NEWARK, N.J. -- For the better part of the first 40 minutes in Game 3 Saturday, the Rangers couldn't figure out how to do what they talked about doing, what they know they need to do in order to beat the Devils.
To get to the Stanley Cup Final, they are going to have get the puck in deep, win the battles along the wall to keep it down low, and create chances by making plays from behind the goal line.
They call it simplifying their game, but executing that style against the aggressive forechecking Devils is not easy, especially when Martin Brodeur will jump at any chance to play the puck and swiftly get it out of the zone to start another attack.
However, finally -- and that is a word that needs to be stressed considering seven of the first eight periods of the Eastern Conference Finals had been played and pretty much dominated by the Devils -- the Rangers were able to attack and get the zone time they needed as soon as the third period started Saturday.
It should come as no surprise then that they created two excellent scoring chances, drew a penalty, and scored a power-play goal that got them going in a 3-0 victory that put them up 2-1 in the series.
"That's what we want to do, get the puck deep, be first to the puck, win some battles," Rangers forward Carl Hagelin told NHL.com. "You could see we created chances from the slot and if you have a shot from the slot it's always a good chance. That's what we want to do, get on pucks and make them play 'D.'"
The Rangers did not do it at all in the first period and they were lucky to head to the dressing room with the game still scoreless. They were somewhat better in the second, but still not good enough to stop New Jersey from getting 15 shots on goal that were fortunately all stopped by Henrik Lundqvist.
"We spent too much time in our end zone," Rangers coach John Tortorella said. "That's due a little bit to them and due to us also, as far as some of the struggles we've had."
There was, however, a noticeable change in the Rangers aggressiveness to start the third.
In the three minutes and 18 seconds before defenseman Dan Girardi scored what turned into the game-winner, the Rangers won four faceoffs, including two in the offensive zone after the Devils iced the puck. Hagelin set up Brad Richards for a shot from the slot that hit the crossbar. Marian Gaborik was also inches away from beating Brodeur through his five-hole.
The Rangers kept possession and pressure enough that Gaborik eventually drew a hooking penalty on Bryce Salvador near the right-wing corner 2:11 into the period. And, after Richards' second straight faceoff win, Girardi blasted a one-timer past Brodeur from the inner edge of the right circle to give the Rangers a 1-0 lead at 3:19.
It was 2-0 just like that because the Rangers were finally playing the way they intended to play after leaving it on Lundqvist's capable shoulders to keep them in the game through two periods.
"We had some jump there in the third and got a couple of good scoring chances," Richards said. "I thought we scored on one of them, I couldn't see it hit the bar but I thought it was in. We were a little upset we didn't score, but we drew a penalty and ended up getting something so that was good."

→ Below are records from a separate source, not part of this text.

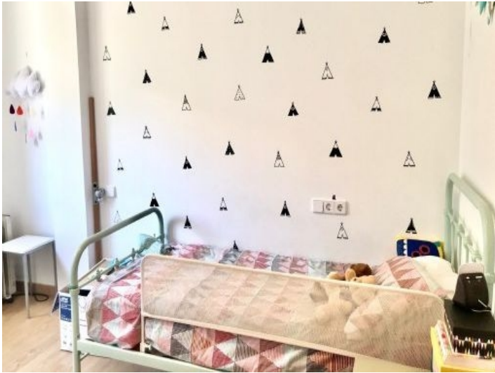
Eines von 3 Schlafzimmern
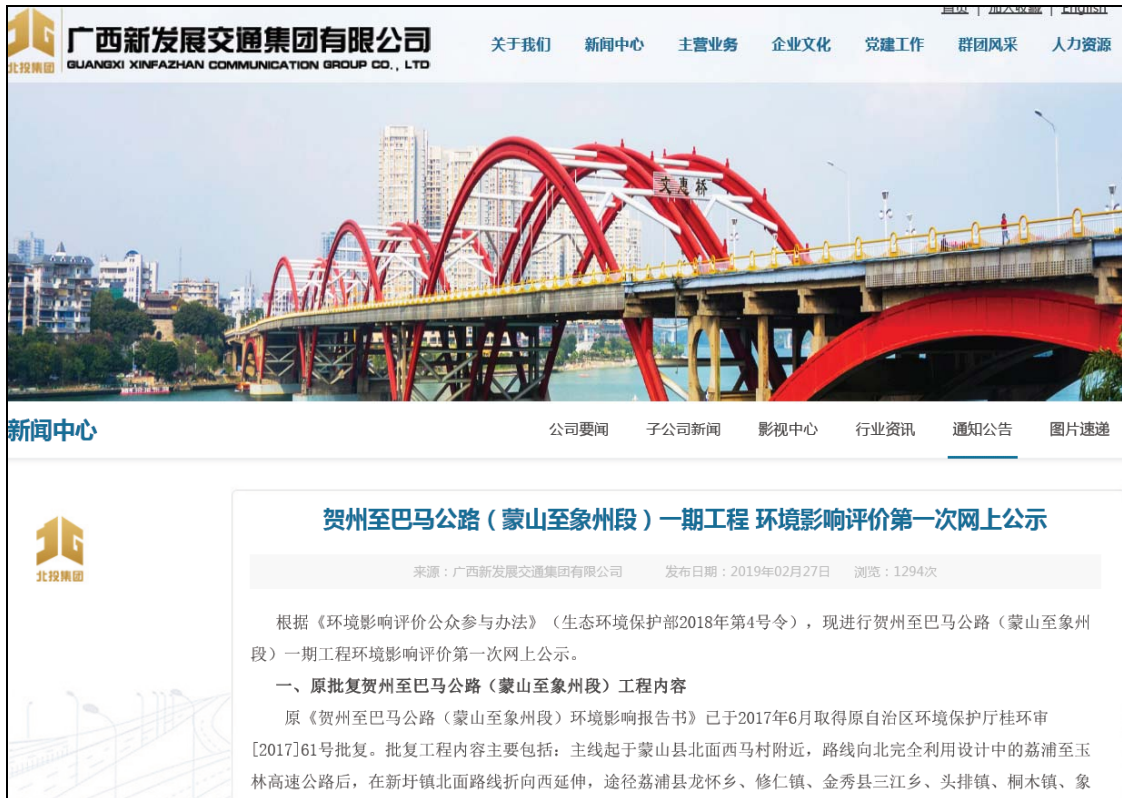
图2.1-1 第一次网上公示截图
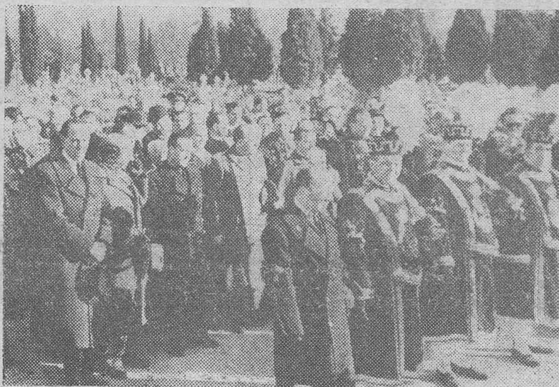
Un aspecto del entierro de las víctimas del hundimiento de la casa de la calle de Maldonado en Madrid
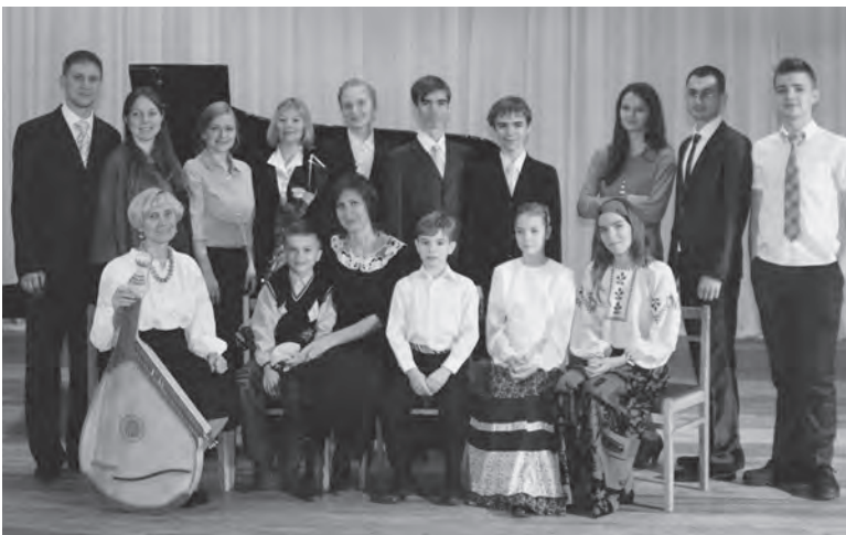
Оркестр Київського Українського колу
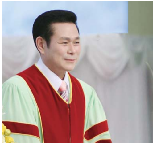
Манмин төв чуулганы тэргүүн пастор, И Жей руг пастор

“Харин дээрээс ирэгч мэргэн ухаан нь нэгд ариун, тэгээд амар тайван, эелдэг, ул суурьтай, өршөөл ба сайн үр жимсээр дүүрэн, ялгаварладаггүй, хоёр нүүр гаргадаггүй аж. Үр жимс нь зөв байгчийн үр нь амар тайвныг бүтээгчдээр амар тайванд таригддаг юм” (Иаков 3:17-18).

The Rangers, though, felt they were starting to attack after Tortorella called a timeout 1:51 into the second period; after Lundqvist had to rob Ilya Kovalchuk on a breakaway and stop a Dainius Zubrus blast from between the circles and the subsequent rebound attempt by Adam Henrique from the slot.
Tortorella said they were "lethargic" and thought his team was "going to get scored on because we were too lackadaisical." So, he used his timeout and the Rangers came out with some better jump and started to send more traffic and bodies to the net.
A pair of minor penalties (tripping on Mike Rupp at 10:35; interference on John Mitchell at 14:04) curbed any momentum the Rangers were trying to create. At least they were able to kill those off with relative ease and nearly connected on a 3-on-1 shorthanded rush when Mitchell was in the box.
"I thought we had a couple momentum surges there (in the second)," McDonagh said. "We were making strides there, but you can build momentum off a penalty kill, too, if you can close it out. We were able to do a good job in that area."
The penalty kill allowed the Rangers to enter the third period still locked in a scoreless tie, still confident that they were getting close to breaking it.
"We didn't panic," Lundqvist said. "We kept our composure, kept playing the same way, and as a goalie, you know sooner or later it's going to turn. It's going to turn in our favor. We're going to get a chance. We're going to get a break. And that's the feeling I had. In the third we came out big, made some really big plays and scored some really good goals."
They did because they were finally the aggressor, finally able to apply necessary pressure to take the Devils game and shove it right back in their face.
If the Rangers are going to win two more games to get to the Stanley Cup Final, they're going to have to find a way to play more minutes just like that.
No, it's not easy to do against these Devils, who are not the shot-blockers that the Capitals were because they are aggressive enough that they don't have to be. However, the Rangers showed in the first couple of shifts of the third period Saturday that it can be done.
At least they had Lundqvist around to give them a chance to figure it out.
"That's why we're a team," Richards said. "He's part of it and we hope to help him out next game."